Having entered St. John’s with scads of AP credits, Emily began her major sequence in English as the only freshman member of an upper-division Victorian Literature course. It goes almost without saying that she completed this course (as she has all of her others) with a perfect final grade.  Emily has a realistic attitude toward her work, however.  She realizes that what one knows is far more important than a letter on a transcript.  This exceptionally adult perspective is atypical for a student so young, yet Emily has it.

Emily is a member of the freshman honors society Phi Eta Sigma and was nominated for a Silver Key in English in the Spring of 2011.  She is also the secretary of Sequoya, the University’s literary magazine.  She has read her creative writing at the Barnes and Noble store near the Queens campus and has displayed her art as well as a service project to raise money her former high school, the Mary Louis Academy in Jamaica Estates.

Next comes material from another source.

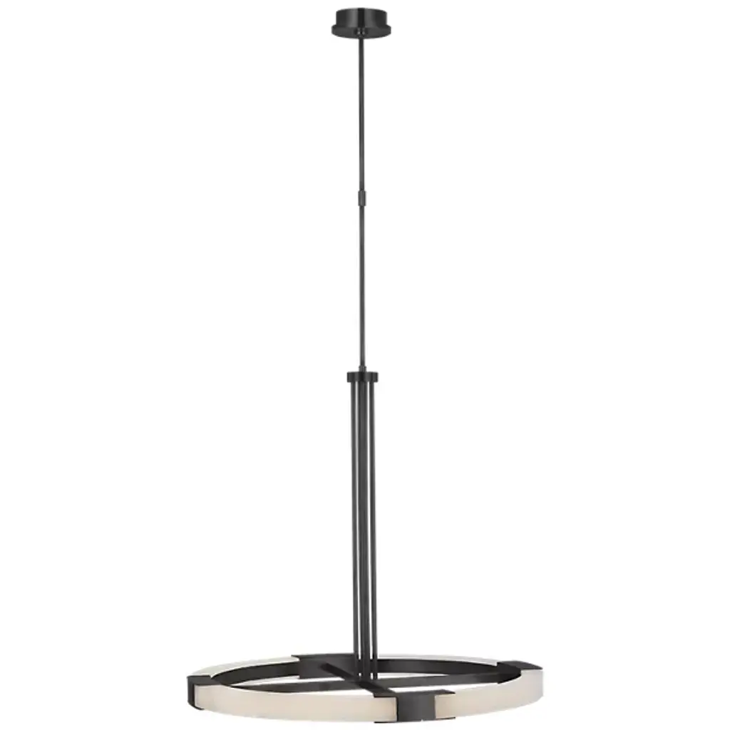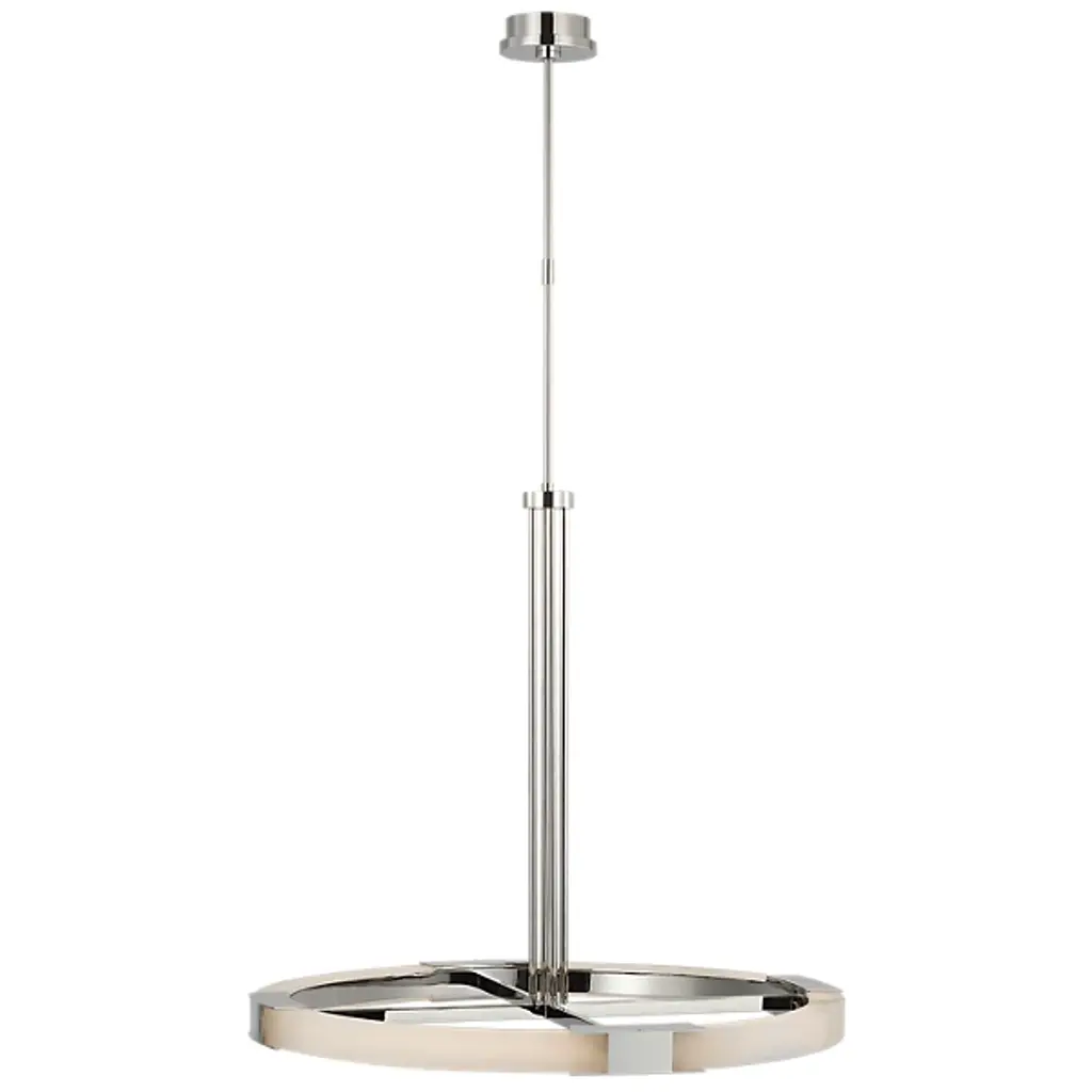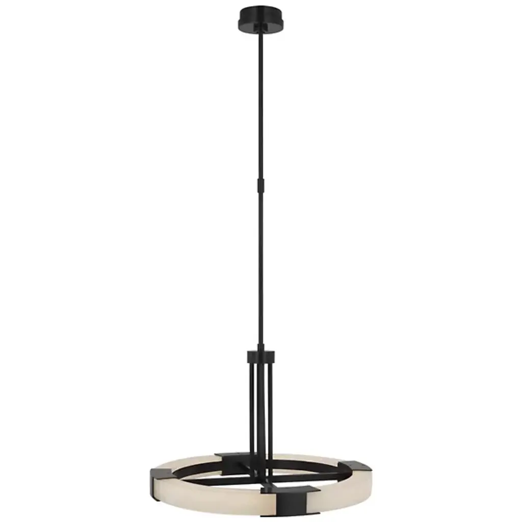 Enhance high ceilings with the enchanting retro-modern appeal. The Covet Large Ring Chandelier from Visual Comfort Signature, formerly known as Visual Comfort, sweeps down from a stepped-disc canopy along a slender stem to a round hub midway down, extending more slim brass rods to brace a matching crossbar frame with LED lamping. The frame features horizontal brackets that hold curving sections of natural alabaster between them, creating a stylized wheel structure that moderates the bright, power-efficient lamping into an even ambiance below.

Emily is a mainstay of the Honors Program.  She often represents it at Open House and Accepted Students Day and assists in the program’s extensive events programming.  The Halloween party is her special favorite.  Emily also tutors at the University’s Writing Center, which allows her to perfect her natural gift for teaching through daily practice. Making service a part of her commitment to St. John’s, Emily regularly participates in the Honors Program’s service projects, such as the Special Olympics. In years past, she has also volunteered at Operation F.U.N., a day camp run through Catholic Charities for mentally and physically challenged children and adults.

Emily has found her time at the university to be a unique and exciting time.  She has taken advantage of a number of opportunities offered through the Honors Program, such as visiting the Cloisters, spending a class period on a schooner, and attending a production of Throne of Blood at the Brooklyn Academy of Music.  Not only were these enjoyable experiences, but she feels she came away with knowledge far beyond what she could have achieved in the classroom alone.  Emily is a commuter who enjoys walking across the Great Lawn everyday and admiring the campus she has been familiar with her entire life.  Even though she has always been a member of the St. John’s community, Emily has found a home for herself on campus through the Honors Program.